Copy out exactly the lines that begin with the one containing "Set within a" and continue until the last line of the material.
----------
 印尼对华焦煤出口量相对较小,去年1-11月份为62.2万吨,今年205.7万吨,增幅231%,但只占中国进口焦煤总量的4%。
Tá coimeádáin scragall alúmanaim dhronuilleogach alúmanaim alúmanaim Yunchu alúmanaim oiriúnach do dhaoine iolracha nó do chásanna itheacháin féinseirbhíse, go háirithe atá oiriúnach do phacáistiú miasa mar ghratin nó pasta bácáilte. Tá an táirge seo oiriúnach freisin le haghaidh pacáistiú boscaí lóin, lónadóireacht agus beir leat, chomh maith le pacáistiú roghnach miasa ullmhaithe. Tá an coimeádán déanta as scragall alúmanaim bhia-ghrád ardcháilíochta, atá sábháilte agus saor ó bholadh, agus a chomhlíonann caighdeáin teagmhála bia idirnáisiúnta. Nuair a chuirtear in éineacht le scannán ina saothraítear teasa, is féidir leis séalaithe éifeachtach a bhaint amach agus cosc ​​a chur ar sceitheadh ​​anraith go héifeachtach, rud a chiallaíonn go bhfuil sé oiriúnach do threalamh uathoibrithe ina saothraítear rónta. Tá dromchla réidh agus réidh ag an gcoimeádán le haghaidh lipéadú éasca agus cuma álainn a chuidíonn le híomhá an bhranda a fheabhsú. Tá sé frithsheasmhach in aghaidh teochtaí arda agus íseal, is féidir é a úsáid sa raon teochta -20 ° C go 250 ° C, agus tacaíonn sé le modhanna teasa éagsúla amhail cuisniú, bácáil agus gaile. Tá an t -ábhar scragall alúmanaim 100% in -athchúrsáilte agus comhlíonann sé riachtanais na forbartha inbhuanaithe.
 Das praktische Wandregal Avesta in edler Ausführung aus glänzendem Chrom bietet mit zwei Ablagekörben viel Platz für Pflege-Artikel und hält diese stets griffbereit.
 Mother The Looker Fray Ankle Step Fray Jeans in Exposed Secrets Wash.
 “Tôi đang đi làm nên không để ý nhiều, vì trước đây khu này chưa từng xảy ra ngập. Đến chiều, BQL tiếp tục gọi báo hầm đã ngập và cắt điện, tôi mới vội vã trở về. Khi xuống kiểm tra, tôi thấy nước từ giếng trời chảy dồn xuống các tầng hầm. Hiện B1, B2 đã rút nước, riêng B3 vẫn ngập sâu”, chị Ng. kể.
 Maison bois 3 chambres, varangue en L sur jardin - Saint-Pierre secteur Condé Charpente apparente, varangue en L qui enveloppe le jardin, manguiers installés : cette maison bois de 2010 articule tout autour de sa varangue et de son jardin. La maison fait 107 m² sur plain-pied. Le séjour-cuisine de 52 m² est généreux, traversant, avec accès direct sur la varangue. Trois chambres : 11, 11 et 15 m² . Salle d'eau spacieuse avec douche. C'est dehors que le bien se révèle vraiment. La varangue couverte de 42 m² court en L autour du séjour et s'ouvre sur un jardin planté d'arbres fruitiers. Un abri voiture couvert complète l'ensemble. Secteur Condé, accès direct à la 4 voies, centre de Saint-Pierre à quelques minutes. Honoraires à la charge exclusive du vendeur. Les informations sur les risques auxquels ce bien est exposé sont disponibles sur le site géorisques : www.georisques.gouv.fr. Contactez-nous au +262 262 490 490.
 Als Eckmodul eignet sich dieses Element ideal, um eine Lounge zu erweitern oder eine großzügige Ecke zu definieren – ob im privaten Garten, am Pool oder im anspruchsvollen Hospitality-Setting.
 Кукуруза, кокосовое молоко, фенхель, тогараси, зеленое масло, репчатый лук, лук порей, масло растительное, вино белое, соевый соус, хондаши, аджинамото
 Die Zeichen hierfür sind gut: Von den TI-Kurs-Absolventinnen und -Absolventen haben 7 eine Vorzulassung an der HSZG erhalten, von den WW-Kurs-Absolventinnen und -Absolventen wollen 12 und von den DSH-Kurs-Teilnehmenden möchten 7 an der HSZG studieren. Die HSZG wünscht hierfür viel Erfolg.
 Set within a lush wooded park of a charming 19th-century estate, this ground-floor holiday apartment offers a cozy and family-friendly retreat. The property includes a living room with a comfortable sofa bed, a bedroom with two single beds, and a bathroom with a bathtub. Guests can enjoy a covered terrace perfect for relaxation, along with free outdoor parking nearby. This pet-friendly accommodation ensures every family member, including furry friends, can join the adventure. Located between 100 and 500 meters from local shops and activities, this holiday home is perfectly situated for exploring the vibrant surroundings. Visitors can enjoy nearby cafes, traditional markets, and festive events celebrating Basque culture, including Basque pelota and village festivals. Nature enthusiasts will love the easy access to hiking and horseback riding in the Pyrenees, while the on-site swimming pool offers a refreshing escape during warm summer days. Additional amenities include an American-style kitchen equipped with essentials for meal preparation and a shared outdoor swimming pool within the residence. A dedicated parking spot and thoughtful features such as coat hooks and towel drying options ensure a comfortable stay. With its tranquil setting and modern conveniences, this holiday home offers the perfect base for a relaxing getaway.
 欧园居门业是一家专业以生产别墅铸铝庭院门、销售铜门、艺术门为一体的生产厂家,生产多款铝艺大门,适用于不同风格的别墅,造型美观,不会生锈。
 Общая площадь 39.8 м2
----------
Solved problem:
 Set within a lush wooded park of a charming 19th-century estate, this ground-floor holiday apartment offers a cozy and family-friendly retreat. The property includes a living room with a comfortable sofa bed, a bedroom with two single beds, and a bathroom with a bathtub. Guests can enjoy a covered terrace perfect for relaxation, along with free outdoor parking nearby. This pet-friendly accommodation ensures every family member, including furry friends, can join the adventure. Located between 100 and 500 meters from local shops and activities, this holiday home is perfectly situated for exploring the vibrant surroundings. Visitors can enjoy nearby cafes, traditional markets, and festive events celebrating Basque culture, including Basque pelota and village festivals. Nature enthusiasts will love the easy access to hiking and horseback riding in the Pyrenees, while the on-site swimming pool offers a refreshing escape during warm summer days. Additional amenities include an American-style kitchen equipped with essentials for meal preparation and a shared outdoor swimming pool within the residence. A dedicated parking spot and thoughtful features such as coat hooks and towel drying options ensure a comfortable stay. With its tranquil setting and modern conveniences, this holiday home offers the perfect base for a relaxing getaway.
 欧园居门业是一家专业以生产别墅铸铝庭院门、销售铜门、艺术门为一体的生产厂家,生产多款铝艺大门,适用于不同风格的别墅,造型美观,不会生锈。
 Общая площадь 39.8 м2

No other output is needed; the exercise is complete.